Mention must also be made of the performances delivered by Schraf, as a truly great bitch, and Beckman Ross, as a truly great bitch whom you’d want to go out drinking with. In the end, it’s the chemistry and connectedness of the entire ensemble of strong female actors that succeeds in making Mikveh something quite wonderful. Familiar, and wonderful.

Potluck. A word that has the ability to unnerve even the most unflappable of partygoers. In theory it’s intended to be a kind of stone soup approach to entertaining. Everyone brings something to the table – world-weary foodie and drive-thru fan alike – and soon an unbelievable feast will appear. As if by magic.

The Ramayana
The Ramayana

The reality is that the potluck very rarely works. The person who said he would bring chicken forgets and brings brownies. The person who said she would bring dessert shows up empty-handed because she got held up at work. The only item approaching green is the plastic bag of salad someone snuck onto the table when no one was looking.

The stone soup becomes, instead, Charlie Brown’s trick-or-treat bag of rocks.

For playwright Peter Oswald’s interpretation of the Ramayana, Constellation Theatre Company tried to assemble their own eclectic feast but, instead, ended up with a rocky mix of curious pairings and odd juxtapositions. It’s as though they feared the audience’s reaction, convinced that a wholly dramatic rendering would bore them or that embracing an offbeat comedic approach would put them off. So they decided, unfortunately, to try to have their cake and eat it too.

The Ramayana is an epic journey, the story of the exiled Prince Rama (Andreu Honeycutt) and his quest to rescue his wife Sita ( Heather Haney) from the clutches of Ravana, the Demon King (Jim Jorgensen). Rama is aided in his mission by his brother Lakshman (Danny Gavigan) and a Noah’s Ark of bears and monkeys.

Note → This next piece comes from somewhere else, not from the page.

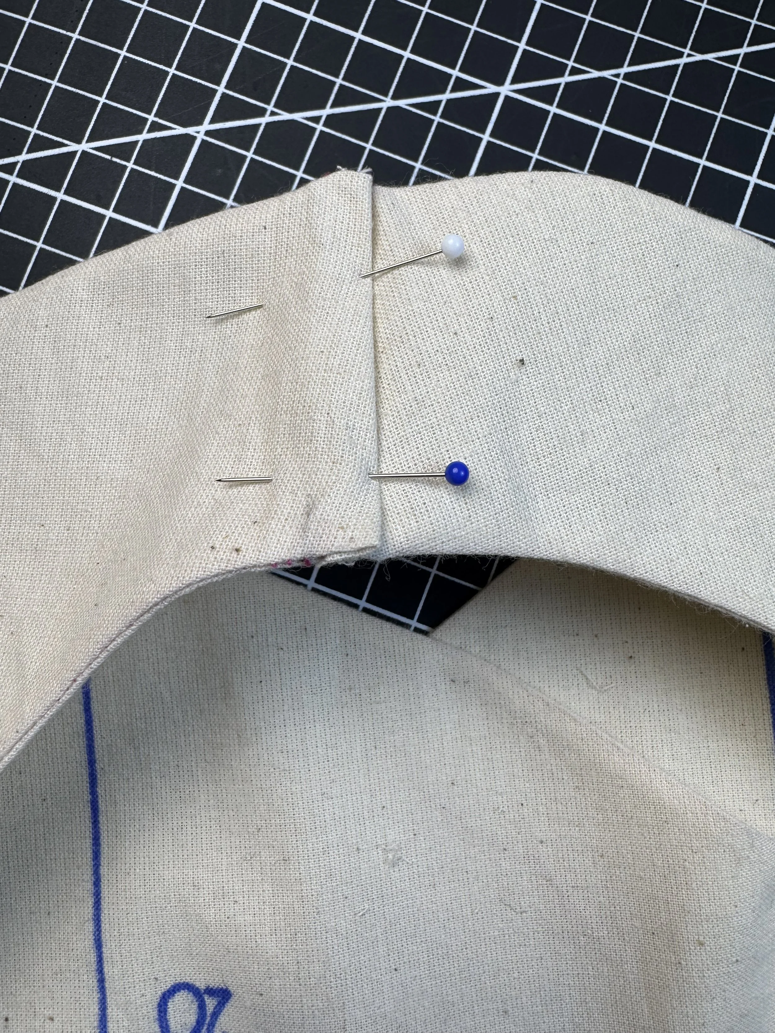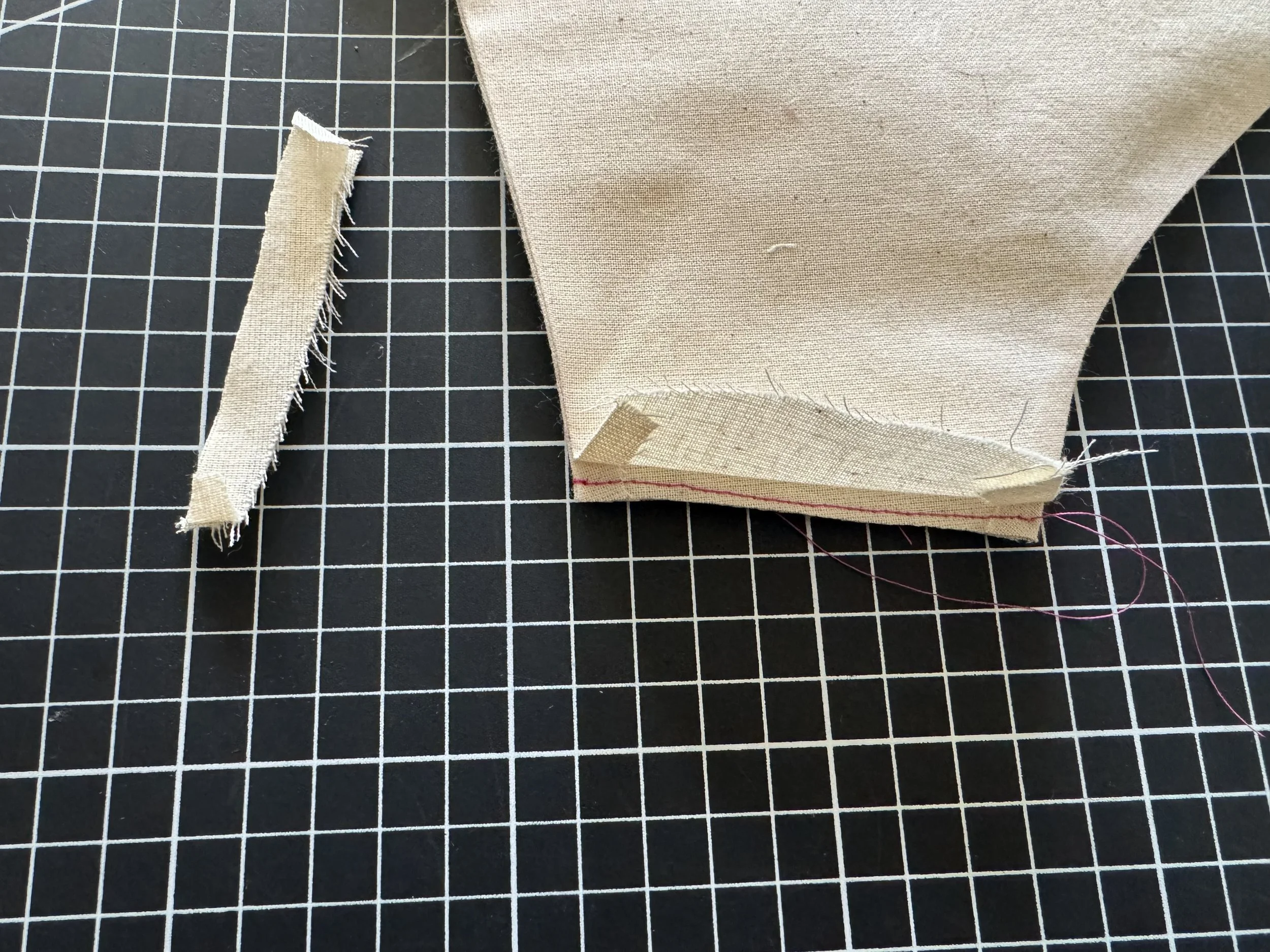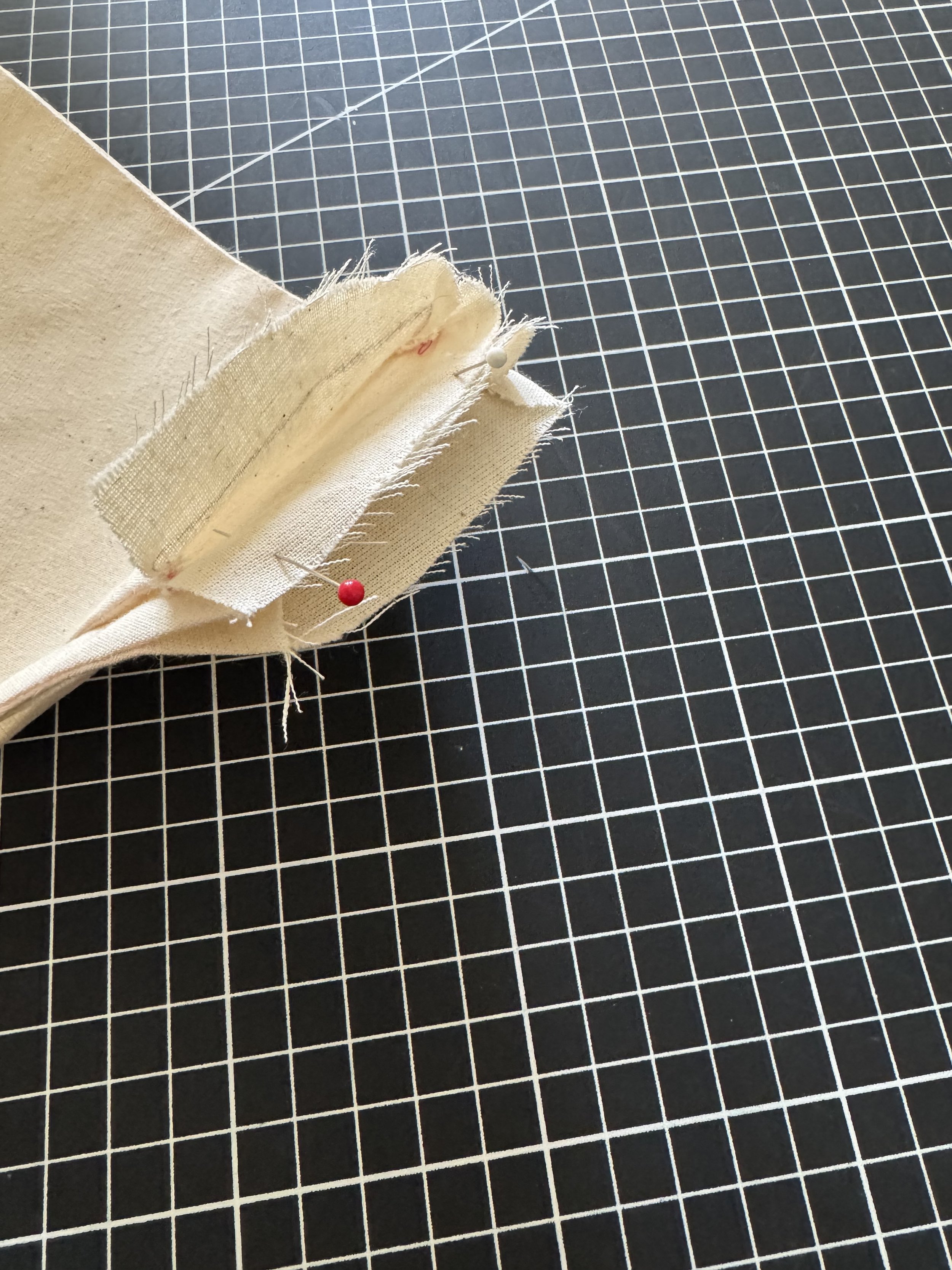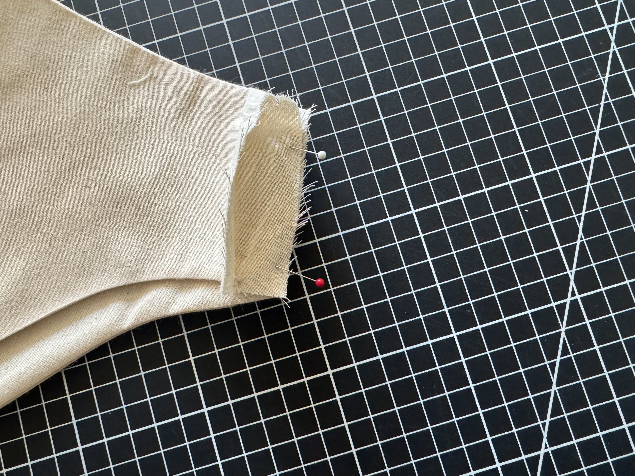 Fold the top seam over itself to enclose the raw edge and pin. Repeat for the underside.

Leading the cast, Honeycutt and Haney are visually flawless. Beautifully outfitted by costume designer Kendra Rai and strikingly composed (this is not even to mention Honeycutt’s blue skin), the two are decidedly mythic in appearance. But their soft, even delivery and elegant poses gradually begin to feel less god-like and more disconnected. It’s an effect that is heightened as the play’s demons and animal characters press quickly into full camp. (With Jorgensen it seems only a matter of time before his evil demon king will begin twirling the ends of some spidery bad guy mustache while tying Sita to the railroad tracks.)

MIKVEH
starstarstarstar
To June 5
Theater J
$30-$55
800-494-8497
theaterj.org

THE RAMAYANA

starstar
To June 6
Constellation Theatre
$15-$25
800-494-8497
constellationtheatre.org

Joe Brack, who plays the monkey god Hanuman, is notable in that he seems to be making an earnest attempt to bridge the two worlds this Ramayana is straddling. It’s an effort in which he largely succeeds. There is a genuine character at the heart of what he’s doing, a personality beneath the makeup and monkey tail.

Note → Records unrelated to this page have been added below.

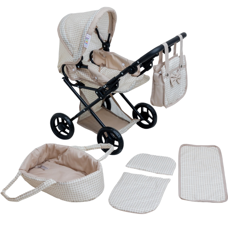 Wózek lalkowy kombinowany – głęboki i sportowy z nosidełkiem, ma regulowane oparcie i podnóżek. Wewnątrz gondola z uszami służąca do przenoszenia lalki, a w niej pościel. W środku umocowano taśmę, która służy do zapięcia lalki w wersji sportowej wózka.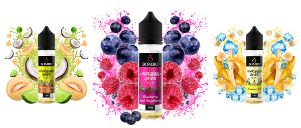 Populární série příchutí Bombo Wailani Juice je zpět, tentokrát v novém balení a s řadou nových příchutí. Výrobce Bombo Liquids ze Španělska přináší okouzlující sérii nepřeberného množství ovocných a osvěžujících příchutí pro jakékoliv roční období. Výrazná a bohatá chuť, promyšlené receptury a originální ovocné směsi, to vše nabídne tato jedinečná série. Prosluněnou řadu ovocných příchutí si můžete vychutnat ve variantě typu shake & vape, do velké lahvičky s příchutí tak stačí pouze dolít bázi, protřepat a začít vapovat bez nutnosti dalšího zrání.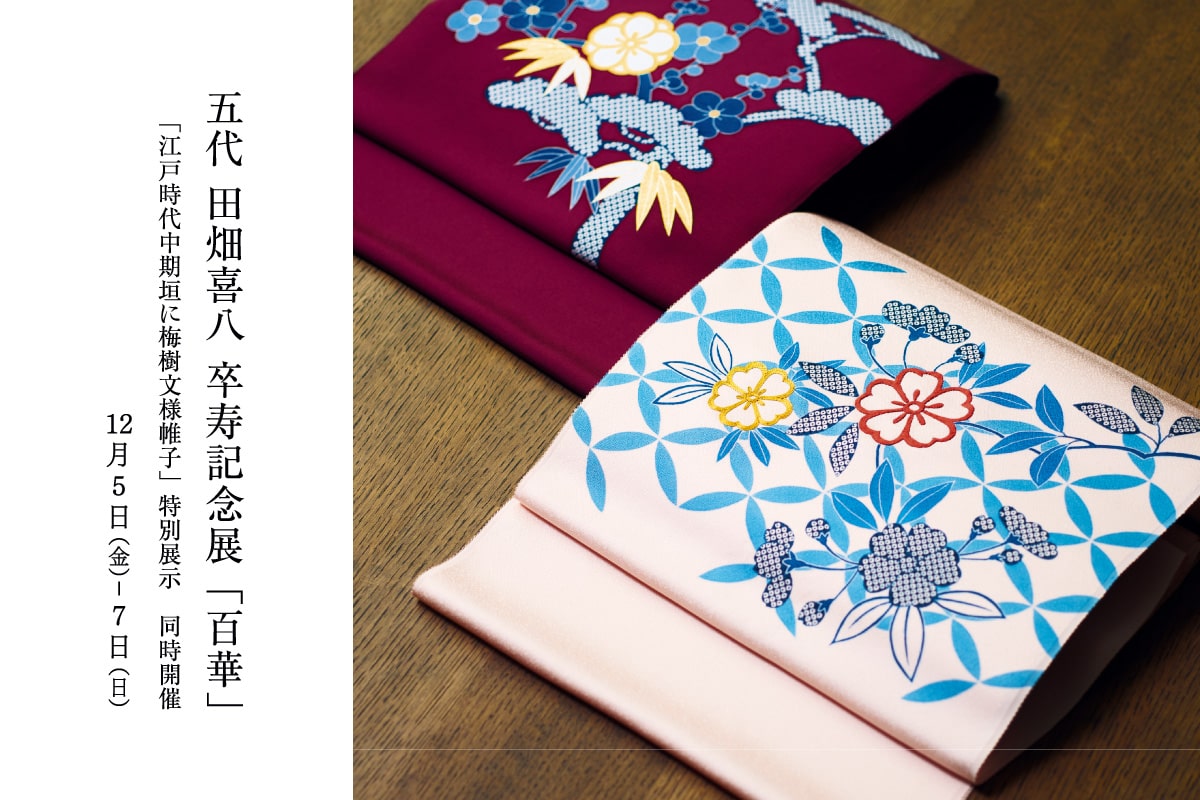 『五代 田畑喜八 卒寿記念展「百華」【同時開催】「江戸時代中期垣に梅樹文様帷子」特別展示』は、おかげ様で盛況のうちに終了いたしました。ご来場くださった皆様、オンラインでご覧になられた皆様に心より御礼申し上げます。

But it’s a technique not picked up on by his cast mates. They screech. They howl. They hiss and mug as though they were performing a Grimm’s fairy tale for a visiting elementary school.

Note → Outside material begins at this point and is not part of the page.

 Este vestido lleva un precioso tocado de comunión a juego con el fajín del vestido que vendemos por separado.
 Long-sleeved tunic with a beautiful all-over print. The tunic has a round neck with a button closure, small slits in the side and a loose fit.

Make no mistake, it all might have worked. Constellation’s production includes some very funny moments, just as it presents some truly engaging dramatic elements and clever approaches. What’s missing, though, is the thread to tie it all together, something to unify all these various parts into a coherent whole, something to make these small plates into the feast they wanted to serve up.